Saved data entries
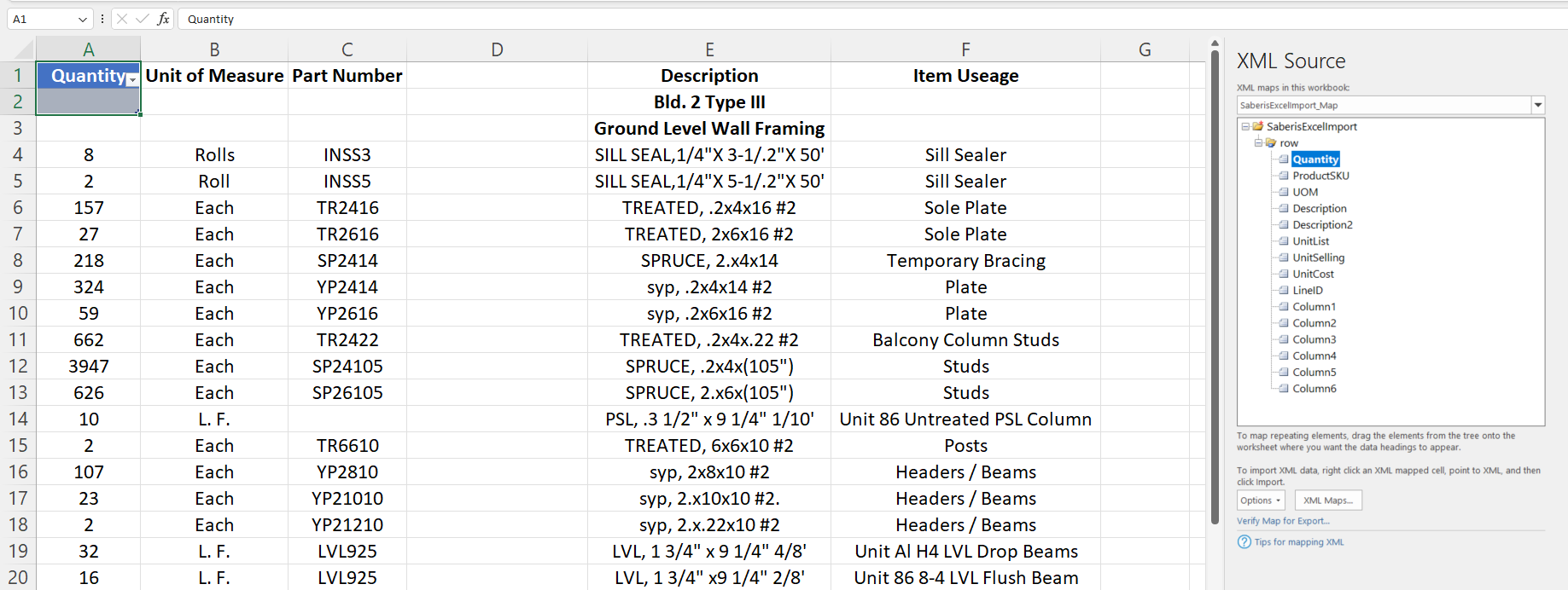 You can also click on the A1 cell and then double click on the Quantity element in the XML Source window. This second method will automatically apply the mapping to the entire column containing data as long as there are no blank cells.
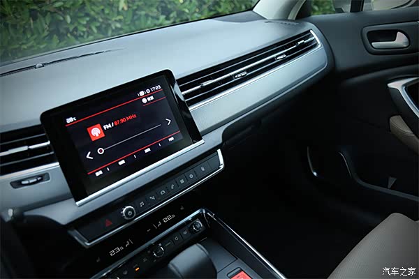 相比老款C5,一眼看下去,新C5就的整体风格年轻了许多。但再进到车内,与老C5的反差比车外还大。“La-Maison”是雪铁龙为C5内饰设计起的名字,意为“家”。整体风格同样比较偏向C6,不过最大的区别在于没有了C6中控台上奢华的大面积真皮包裹,取而代之的是首次使用的一体贯穿式空调出风口,加上悬浮式中控屏,更加实用居家。
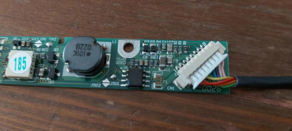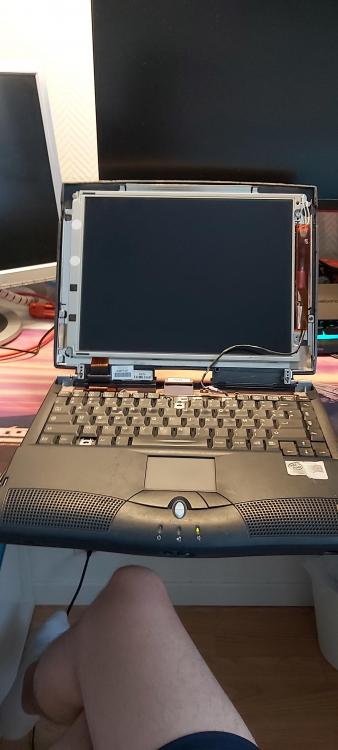 17. Voilà une photo de l'ordi démonté avec l'écran L'inverteur est dans le plastique orange
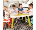 Zielony stolik z czterema nogami. Wygodna i stabilna konstrukcja, dzięki nogom wykonanym w technologii  blowmoulded. Duża przestrzeń stolika, aż 76 cm pozwala nawet 4 dzieci wspólnie się bawić na przykład rysując lub jeść przekąski.
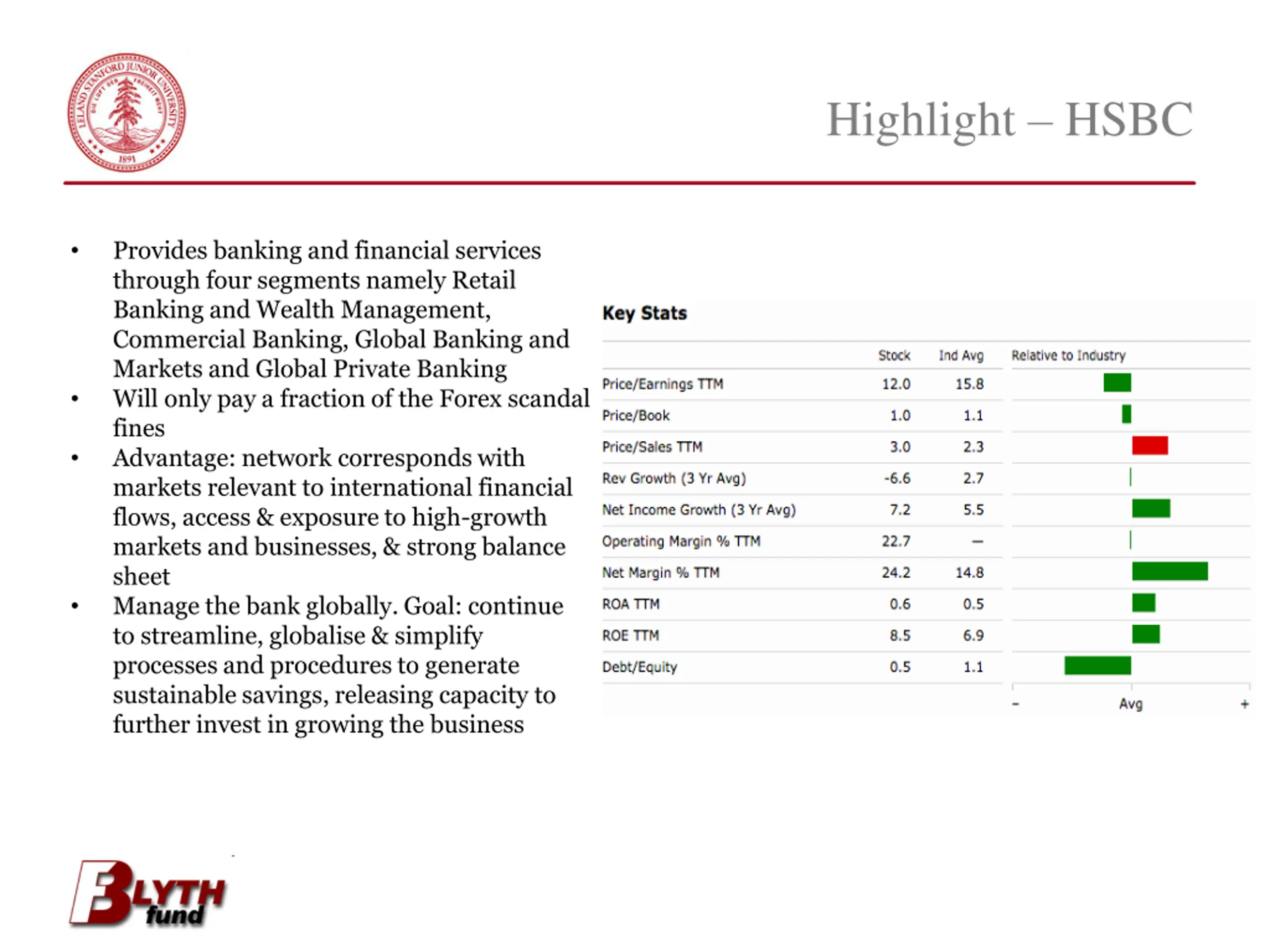 Highlight HSBC Provides banking and financial services through four segments namely Retail Banking and Wealth Management, Commercial Banking, Global Banking and Markets and Global Private Banking Will only pay a fraction of the Forex scandal fines Advantage: network corresponds with markets relevant to international financial flows, access & exposure to high-growth markets and businesses, & strong balance sheet Manage the bank globally. Goal: continue to streamline, globalise & simplify processes and procedures to generate sustainable savings, releasing capacity to further invest in growing the business
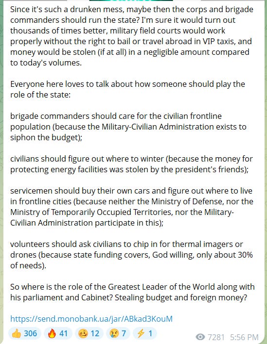 Az azovi közösségben biztosan vannak olyan hangok, amelyek nyíltan katonai diktatúrát követelnek. Mindig szívesen olvasom a Tales of the IV Empire (korábban „of the IV Reich”) telegram-csatornát, amely valószínűleg az intellektuálisan legfejlettebb azovi szócső az interneten. November 16-án a Tales felszólította a hadtest- és dandárparancsnokokat, hogy vezessék az államot, mint hatékonyabb alternatívát a jelenleg hatalmon lévő korrupt, inkompetens tisztviselőkkel szemben:
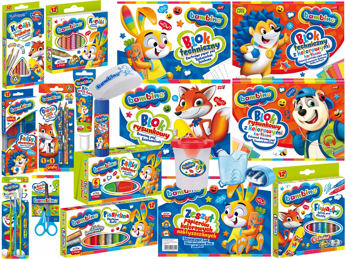 Wyprawka szkolna BAMBINO zestaw XXL kredki farby plastelina długopis
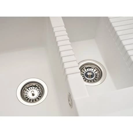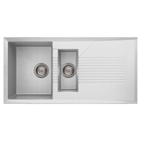 Reginox Tekno granite kitchen sinks are stylish and practical. Made from a combination of granite and synthetic resin, the material is very hygienic, easy to clean and maintain, meaning that they will look better for much longer than some other materials. This 1.5 bowl sink in White is fully reversible and comes supplied with chrome basket strainer wastes.
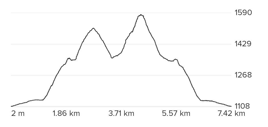 Desnivel acumulado: 678 metros, tanto de desnivel positivo como negativo.
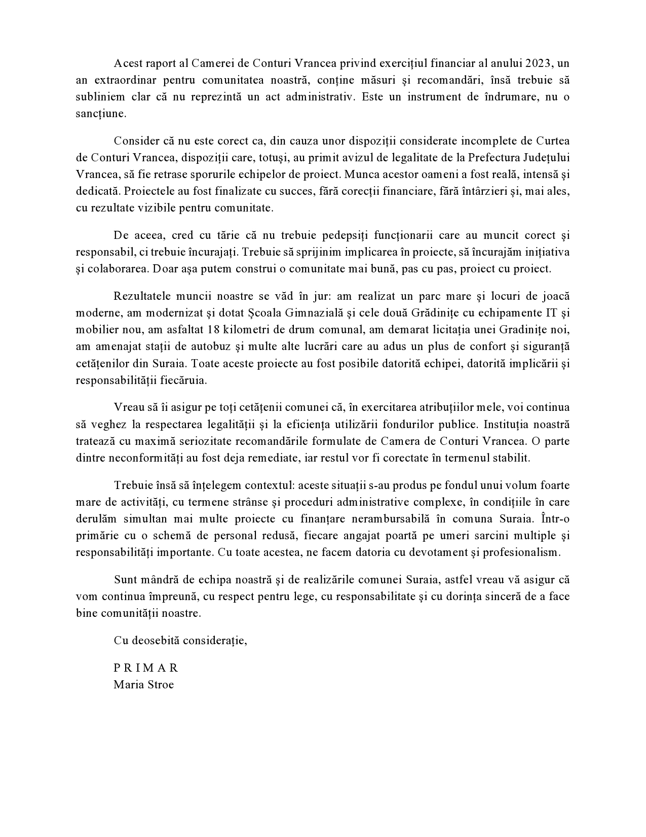 Citiți în documentul atașat conținutul integral al Raportului de audit financiar asupra situațiilor financiare centralizate ale Unității Administrativ-Teritoriale Comuna Suraia la data de 31.12.2023 întocmit de Camera de Conturi Vrancea avînd nr 69458/ 13.10.2025
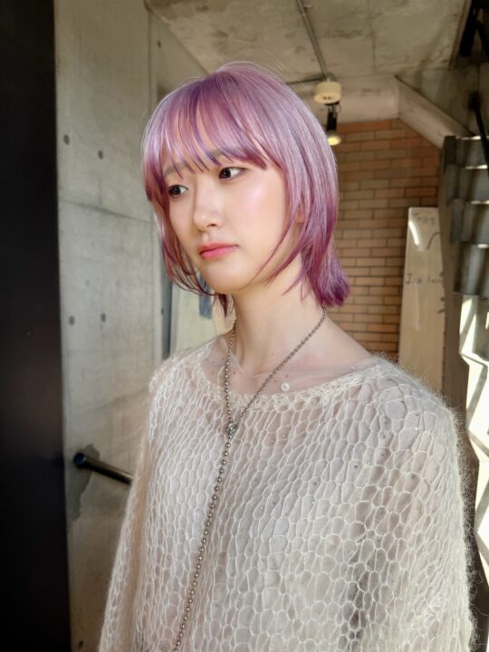 ベースはペールトーンのバイオレット、ポイントで高濃度・高彩度のバイオレットを使いました。
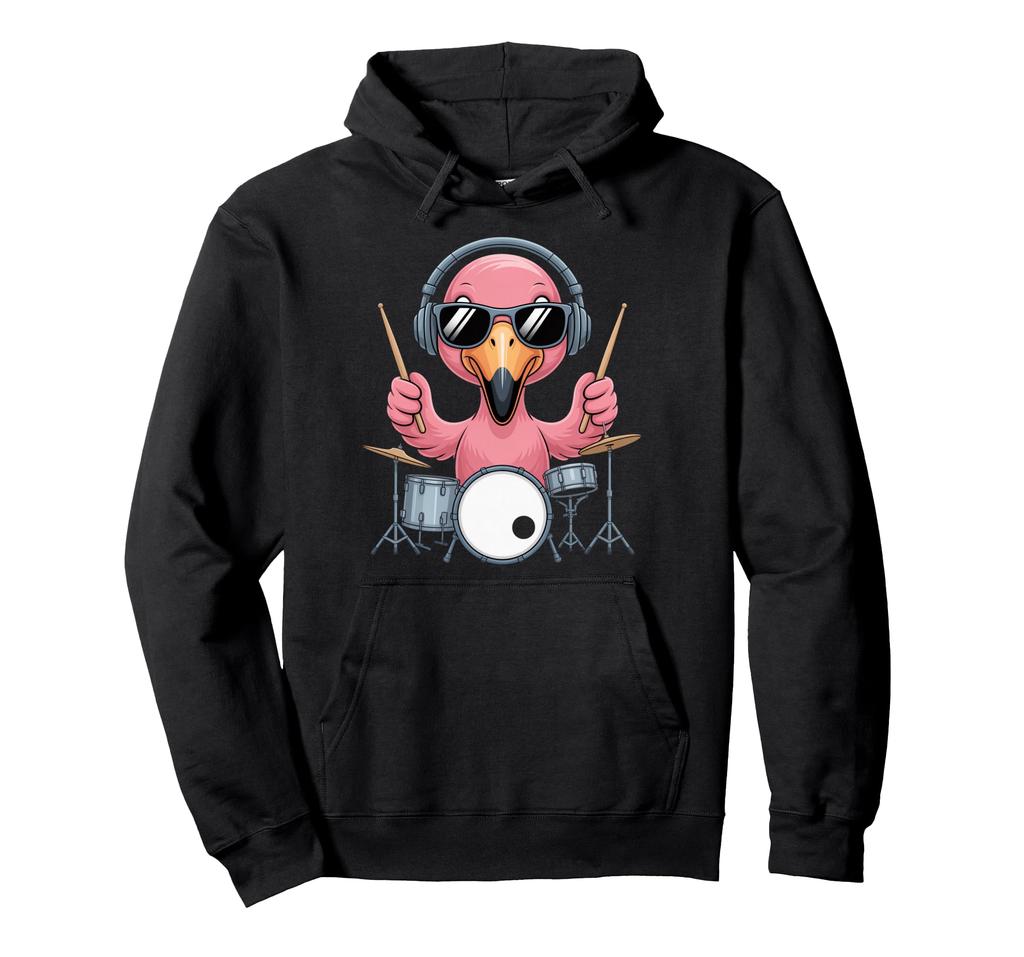 Drum Kit Flamingo Sunglasses Headphones Rock Jazz Rhythm Beat Cool Hoodie

- _ABOUT THIS TASK_
Leaving the pictures out, copy exactly the lines from the line that contains "Citiți în documentul" to the last line of the data, both ends included.

- _RESPONSE FOR THIS EXERCISE_
 Citiți în documentul atașat conținutul integral al Raportului de audit financiar asupra situațiilor financiare centralizate ale Unității Administrativ-Teritoriale Comuna Suraia la data de 31.12.2023 întocmit de Camera de Conturi Vrancea avînd nr 69458/ 13.10.2025
 ベースはペールトーンのバイオレット、ポイントで高濃度・高彩度のバイオレットを使いました。
 Drum Kit Flamingo Sunglasses Headphones Rock Jazz Rhythm Beat Cool Hoodie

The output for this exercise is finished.